Гена попытался, но ничего не вышло.

-- Не могу, -- простонал он. -- Цепляюсь, но срывает.

-- Смотри на мой кулак, -- предложил я и, прижимая Гену левой рукой к стенке, правый кулак, в котором держал полароидный пластик с краснерятами, стал крутить против часовой стрелки. -- Смотри на кулак: я разворачиваю тебя в другую сторону!

-- Перестань, -- взмолился Гена, -- в эту сторону и крутит!
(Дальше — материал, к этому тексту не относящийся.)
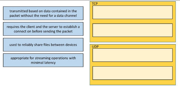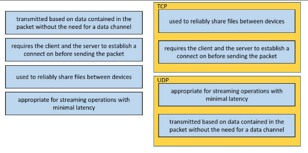 Drag and drop the TCP or UDP details from the left onto their corresponding protocols on the right.
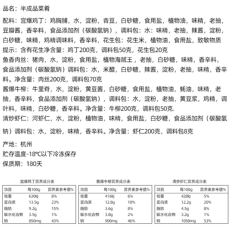 楼外楼半成品清炒虾仁酱爆牛柳鱼香肉丝宫爆鸡丁冷冻菜肴杭州特产
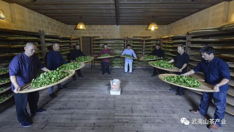 ????在4月中旬至5月中旬屬于武夷巖茶初制階段。武夷巖茶初制口訣主要是:“一采二倒青,三搖四圍水,五炒六揉金,七烘八撿梗,九復十篩分”。
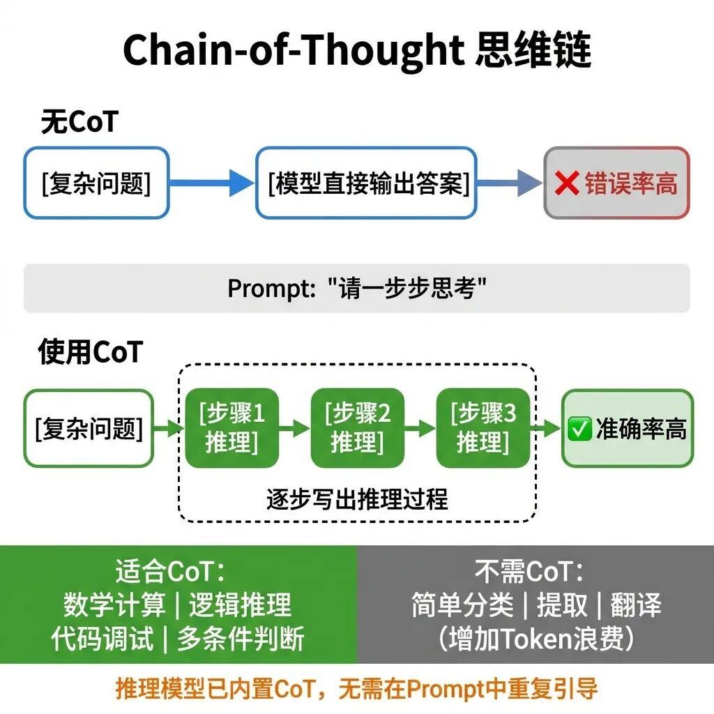 推理模型(概念5)可以理解为内置了CoT机制,模型自动执行思维链推理,不需要Prompt中手动引导。如果产品已用推理模型,再加一步步思考只是浪费Token。
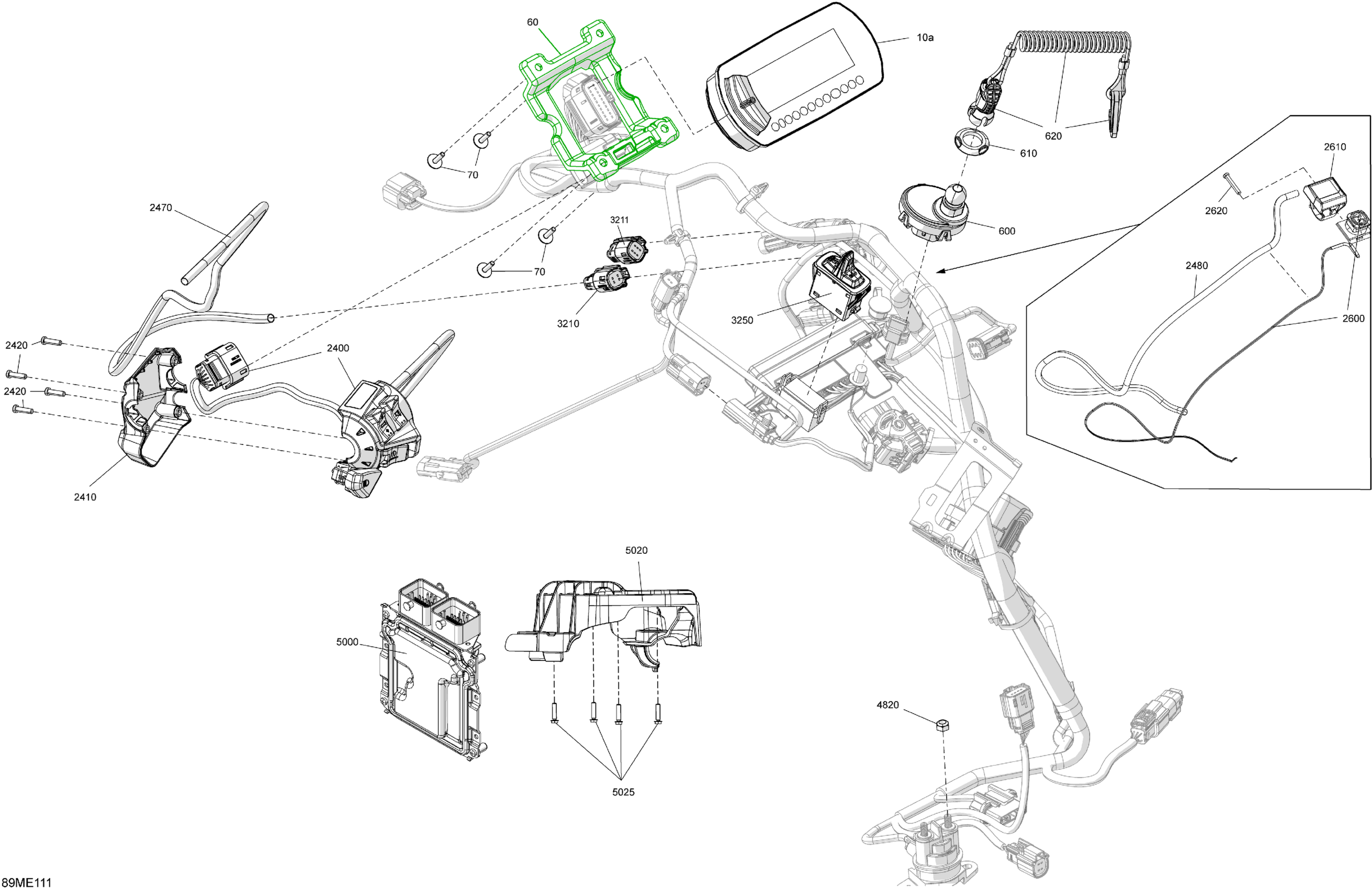 Ski-Doo North America - EXPEDITION - 900 ACE - SPORT - KDSA - Neo Yellow - 154X16X1.5CH Track - 2025 08- Electric - Upper Section Diagram
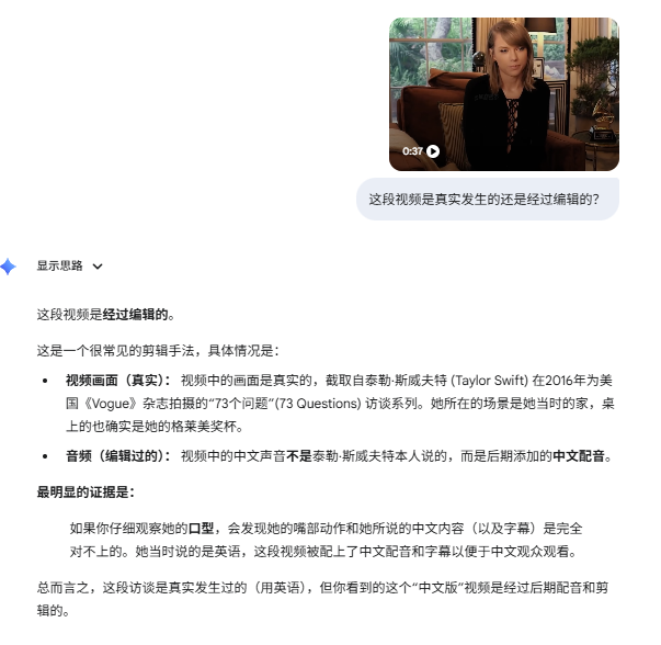 在識別“美國女歌手泰勒·斯威夫特說中文接受訪談”的畫面時,Gemini雖能察覺到視頻經(jīng)過編輯,但無法明確指出異常源自深偽技術(shù)。

Я перестал. Просто поддерживал его и смотрел в сторону. Разглядывал стенку. Клей из-под содранных обоев присох к стене в причудливых разводах, напоминавших абстрактную живопись. Но это была не живопись, а действительность. Обои - даже если были без красок и узоров - придавали, наверное, стене иной вид, приглашавший к наслаждению, которое и ограждает от вопросов о смысле происходящего внутри человека и вне. Искусство не дополнение к жизни, вспомнил я, а ее альтернатива: либо живешь, либо живешь искусством. Потом придумал иначе: искусство отличается от жизни так же, как акт любви - от пустоты после него. Гена зашевелился, взгляд его стал осмысленней; подняв руки, он оттянул их назад и приложил ладони к стенке, словно проверил ее прочность. В нос мне ударил кислый запах пота из его подмышек. Я отодвинулся:

-- Тебе лучше?

Мог не отвечать: ему было лучше. И не ответил:

-- Я верну тебе тетрадь. Подожди здесь.

Он сорвался с места и заторопился к лестнице.

-- Только быстро! -- крикнул я ему вдогонку. -- И забери потомство: помнется! -- и протянул ему полароид.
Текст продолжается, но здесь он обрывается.